Without including any pictures, retype exactly the lines from the top of the records through the line containing "4 Inch Reflective", that final line included.

[[ The data, beginning ]]

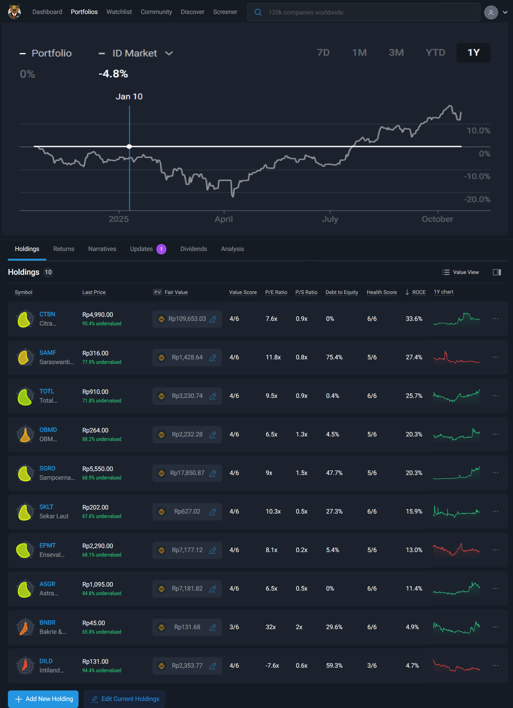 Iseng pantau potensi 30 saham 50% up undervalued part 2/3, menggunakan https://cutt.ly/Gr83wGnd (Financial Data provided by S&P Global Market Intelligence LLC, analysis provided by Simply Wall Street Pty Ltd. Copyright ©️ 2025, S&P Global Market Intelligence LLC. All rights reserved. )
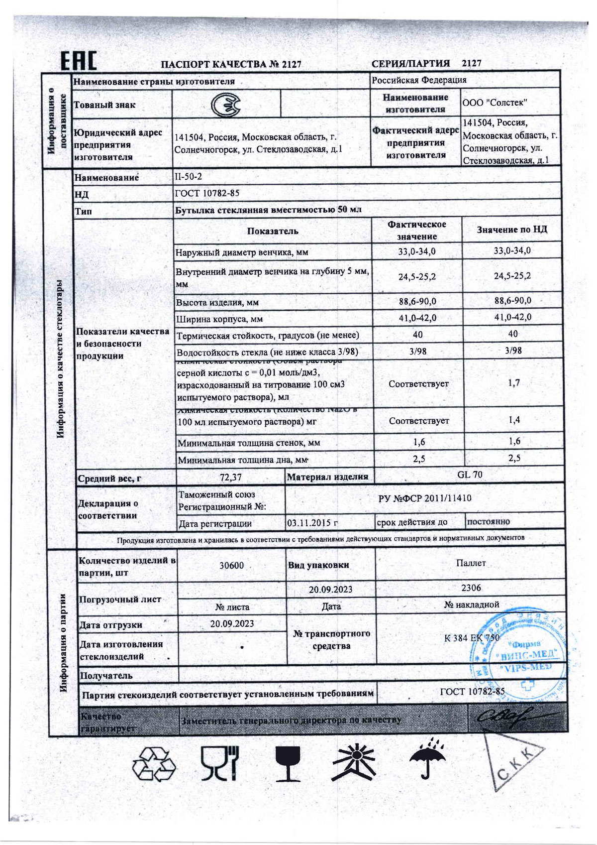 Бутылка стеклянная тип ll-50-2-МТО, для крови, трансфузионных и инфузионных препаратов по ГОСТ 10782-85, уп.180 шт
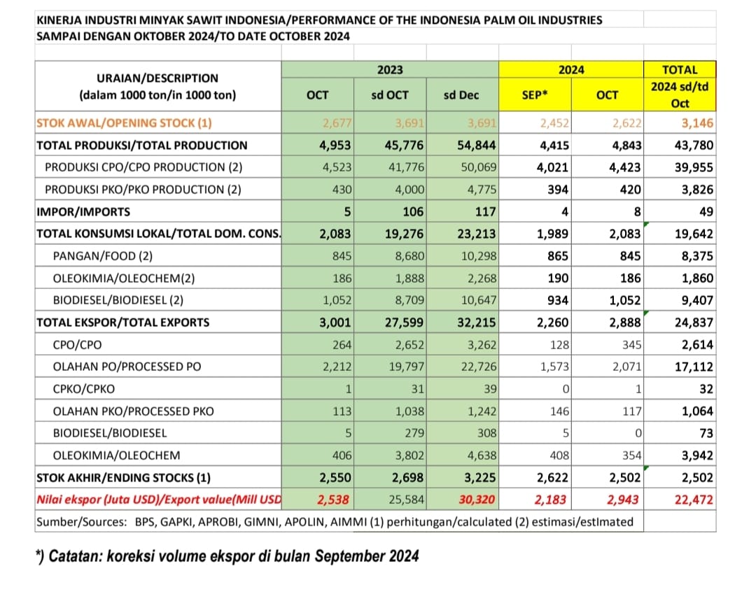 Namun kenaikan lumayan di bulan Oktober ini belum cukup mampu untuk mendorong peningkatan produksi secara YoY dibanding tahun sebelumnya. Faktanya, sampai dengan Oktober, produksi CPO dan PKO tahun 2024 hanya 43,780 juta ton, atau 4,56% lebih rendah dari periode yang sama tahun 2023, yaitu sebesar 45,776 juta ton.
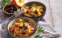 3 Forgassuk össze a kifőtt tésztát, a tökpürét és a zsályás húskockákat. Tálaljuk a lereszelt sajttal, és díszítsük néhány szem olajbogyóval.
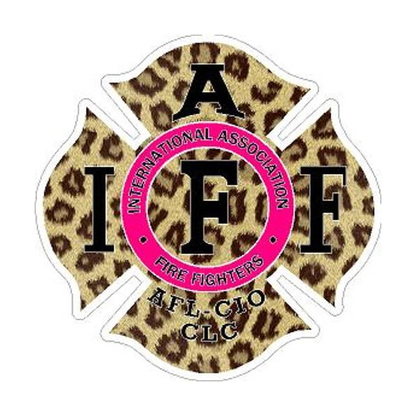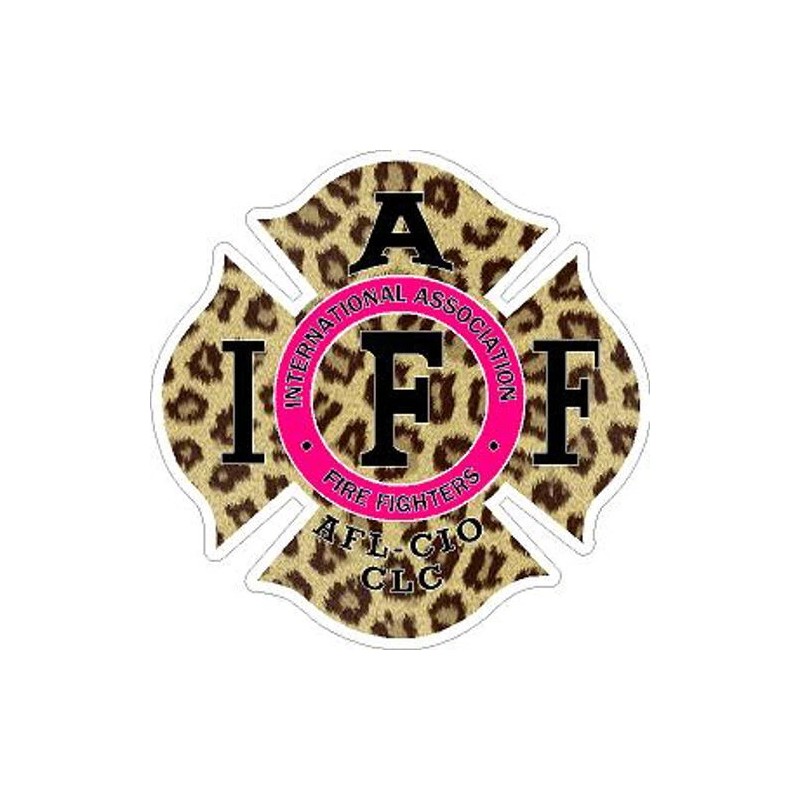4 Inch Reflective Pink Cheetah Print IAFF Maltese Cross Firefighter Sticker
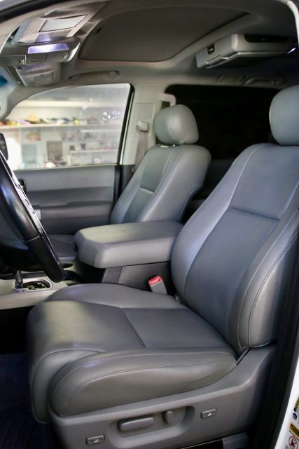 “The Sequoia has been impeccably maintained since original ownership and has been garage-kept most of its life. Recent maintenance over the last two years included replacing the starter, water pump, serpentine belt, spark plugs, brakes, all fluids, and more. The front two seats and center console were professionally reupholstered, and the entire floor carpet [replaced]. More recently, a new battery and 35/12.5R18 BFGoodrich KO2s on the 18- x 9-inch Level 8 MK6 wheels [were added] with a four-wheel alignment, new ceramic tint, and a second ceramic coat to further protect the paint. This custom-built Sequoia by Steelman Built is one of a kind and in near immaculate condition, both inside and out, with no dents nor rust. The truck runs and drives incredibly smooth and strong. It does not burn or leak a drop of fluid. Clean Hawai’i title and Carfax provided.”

[[ The data, end ]]

### Response
 Iseng pantau potensi 30 saham 50% up undervalued part 2/3, menggunakan https://cutt.ly/Gr83wGnd (Financial Data provided by S&P Global Market Intelligence LLC, analysis provided by Simply Wall Street Pty Ltd. Copyright ©️ 2025, S&P Global Market Intelligence LLC. All rights reserved. )
 Бутылка стеклянная тип ll-50-2-МТО, для крови, трансфузионных и инфузионных препаратов по ГОСТ 10782-85, уп.180 шт
 Namun kenaikan lumayan di bulan Oktober ini belum cukup mampu untuk mendorong peningkatan produksi secara YoY dibanding tahun sebelumnya. Faktanya, sampai dengan Oktober, produksi CPO dan PKO tahun 2024 hanya 43,780 juta ton, atau 4,56% lebih rendah dari periode yang sama tahun 2023, yaitu sebesar 45,776 juta ton.
 3 Forgassuk össze a kifőtt tésztát, a tökpürét és a zsályás húskockákat. Tálaljuk a lereszelt sajttal, és díszítsük néhány szem olajbogyóval.
4 Inch Reflective Pink Cheetah Print IAFF Maltese Cross Firefighter Sticker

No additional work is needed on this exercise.